Скажите после всего, что вы тут услышали, могла бы я когда-нибудь сказать про Хенрика «чтоб он сдох»? Нет, ни за что на свете. Это страшно. Просто страшно.

А может, глупо так говорить. Может, его, мсье Петри, тоже кто-то ждал, какое-нибудь счастье, новая жизнь, только он не сумел этого разглядеть. Да и как ему было разглядеть хоть что-нибудь, если он сидел тут в углу, вон там, или в другой пивнушке и бурчал себе под нос, если он только спал да пил? Ума не приложу.

Позже оказалось, что у него была опухоль в мозгу или что-то в этом роде, и пил он так много оттого, что его все время мучили боли; кажется, он даже жаловался кому-то, но кто станет волноваться о пьянице? Пьет, вот голова и болит. Когда мы возвращались с похорон, она, жена его, говорила, что якобы поэтому Петри сильно поглупел под конец и с ним уже невозможно было разговаривать. Он просто умирал, сам того не зная, но другие-то должны были сообразить. В больнице ему уже через два дня сделали операцию, а потом он три дня кончался. На похоронах у его жены был такой отрешенный взгляд, она смотрела на людей, словно не видя их, и я подумала, что она вспоминает все счастливые минуты, проведенные с ним, вспоминает, как родились у них дети, как они любили друг друга, как вместе боролись за дочку, спасая ее от смерти, и ей стало так жаль всего этого, что она хоть и не до конца, но простила его… а может, она стояла там и лишь ждала, когда закончатся похороны. Не знаю. Когда возвращались с кладбища, она сказала мне, что в больнице все удивлялись, почему никто этого не заметил, ведь у него наверняка были страшные боли, и порою он должен был выглядеть совсем ненормальным и говорить странные вещи. Но ведь все видели, что он только пил и пил, а кто всерьез станет беспокоиться, если пьяница болтает глупости или кричит. Она мне об этом рассказала, будто хотела его чуточку обелить, мы ведь с ней никогда прежде не разговаривали. А может, только для того, чтобы хоть что-то сказать, глупо было бы молчать, коли уж мы едем вместе в метро.

Это и вправду ужасно.

Вы заметили, что я все время говорю о грустных вещах — смерти, болезнях, о своих несчастьях и чужих? А ведь у меня была такая хорошая жизнь, я была по-настоящему счастлива, и когда гуляю по Пер-Лашез или набережным Сены в солнечный день, как, например, вчера, я благодарю судьбу за все. В конце концов, неизвестно, что могло случиться. Ведь не будь я еврейкой, а точнее, польской еврейкой, не пройди через лагерь, не натерпись всякого сразу после войны, то, может, судьба не послала бы мне Хенрика, мы бы не встретились и жизнь сложилась бы совсем иначе, и вот я спрашиваю себя, что бы я предпочла: быть здоровой женщиной, рожать детей и заниматься любовью, только с каким-нибудь совершенно другим мужчиной, с которым я не чувствовала бы себя по-настоящему счастливой, действительно любимой, или лучше все-таки было испытать все это, но встретить его, стать его любовью, посмеиваться над его грешками, без которых он был бы уж совсем идеальным, каких не бывает. Думаю, я бы снова выбрала эсэсовские сапоги сроком на три года и все те издевательства, но чтобы потом жить с Хенриком здесь, в Париже. Выбрала бы это.
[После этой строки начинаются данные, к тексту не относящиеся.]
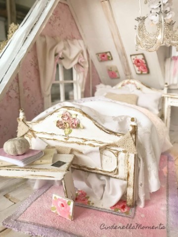 In the corner of her room in shadow lit air, Wreathed by dust motes, denizens of lore,
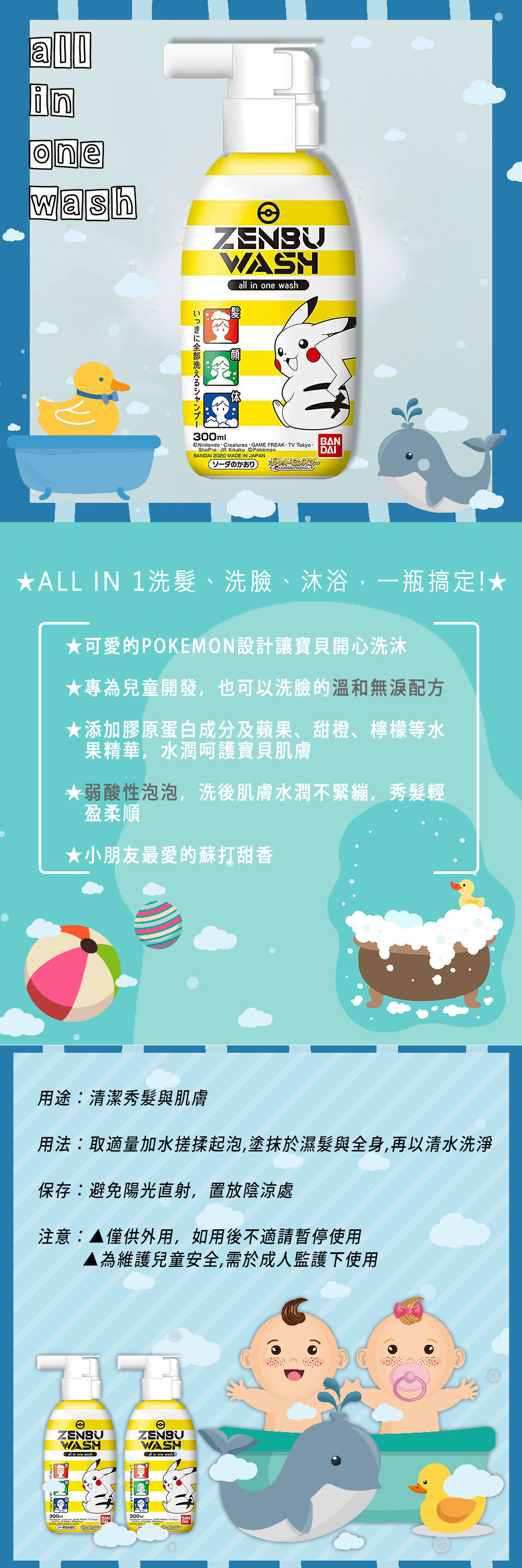 可愛的Pokemon設計讓貝開心洗適合兒童使用的溫和無淚配方
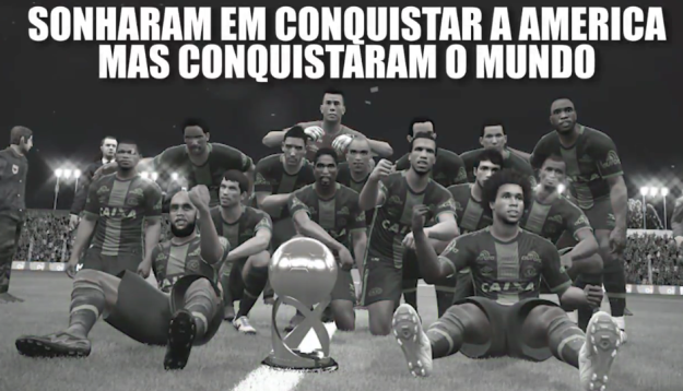 Nesta semana, o mundo todo parou diante da tragédia de Medellin, que acabou na morte da delegação de atletas da Chapecoense e profissionais da imprensa. A primeira partida do jogo entre a Chape e o Atlético Nacional aconteceria nesta quarta, e o internauta Mano De Carli prestou uma homenagem justa e emocionante: ele simulou, com os amigos, a partida entre os clubes no game PES2017.

Многие не понимают, а ведь это так важно. Не понимают одного: что бы ни случилось, надо всегда надеяться на лучшее, как я надеялась, на то, что судьба будет к нам добра, что все переменится и можно еще дождаться счастья. Нельзя сдаваться, нельзя губить все в себе и вокруг себя, даже если нам кажется, что все кончено и жить больше не стоит, потому что никогда не знаешь, что может произойти, что принесет следующее утро или следующая ночь. Если бы супруги Петри понимали это, он бы точно не запил; наверное, родили бы третьего ребенка, а его болезнь не развивалась бы так быстро, и жил бы он еще много лет. А может, им надо было что-то изменить в своей жизни, расстаться, поискать чего-то нового; ну а если уж совсем не было сил что-то менять, то надо было просто приходить сюда каждый день, сидеть за чашкой кофе в молчании, забыв про ненависть и не проклиная жизнь, просто сидеть спокойно и ждать, что принесет следующий день, ведь он и вправду может принести всякое.
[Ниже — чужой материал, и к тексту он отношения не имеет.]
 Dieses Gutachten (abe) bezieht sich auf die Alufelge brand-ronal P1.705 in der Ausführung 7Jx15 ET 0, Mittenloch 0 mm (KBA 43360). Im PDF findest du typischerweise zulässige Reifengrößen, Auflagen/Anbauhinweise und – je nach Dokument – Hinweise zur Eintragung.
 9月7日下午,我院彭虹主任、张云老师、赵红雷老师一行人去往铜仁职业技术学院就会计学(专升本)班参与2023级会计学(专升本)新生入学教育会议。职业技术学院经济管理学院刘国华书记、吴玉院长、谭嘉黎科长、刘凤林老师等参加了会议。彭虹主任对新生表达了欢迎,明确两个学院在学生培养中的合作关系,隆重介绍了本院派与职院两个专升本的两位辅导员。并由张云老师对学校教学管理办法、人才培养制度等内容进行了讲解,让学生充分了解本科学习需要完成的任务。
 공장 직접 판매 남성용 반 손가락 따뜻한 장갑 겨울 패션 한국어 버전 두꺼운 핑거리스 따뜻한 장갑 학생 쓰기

Сами подумайте, могла ли я предположить, пока сидела в лагере, что со мной произойдет еще столько всего удивительного? Тогда я понятия не имела, что такое Париж, знала, конечно, что есть такой город где-то далеко, во Франции, и даже слыхала, что он красивый, но ведь там, в лагере, все уже казалось конченым, важно было лишь дожить до следующего дня, и то порою задумывались, стоит ли доживать. Когда я стояла на плацу, на поверке, и глядела, как ветер треплет гитлеровский флаг, неужто я могла предположить, что спустя много лет такой же ветер, а может, даже тот же самый, только промчавшийся тысячу раз по всему свету, будет трепать паруса, под которыми сижу я, красивая и загорелая, во всем белом и с самым необыкновенным мужчиной на свете? Я стояла там, на плацу, оборванная, грязная, вонючая, избитая, едва держась на ногах, и много чего было у меня в голове, но только не паруса, только не развлечения, только не смех.

Вам не холодно?

Инес! Добавь огоньку в камине.

И принеси нам еще воды с медом.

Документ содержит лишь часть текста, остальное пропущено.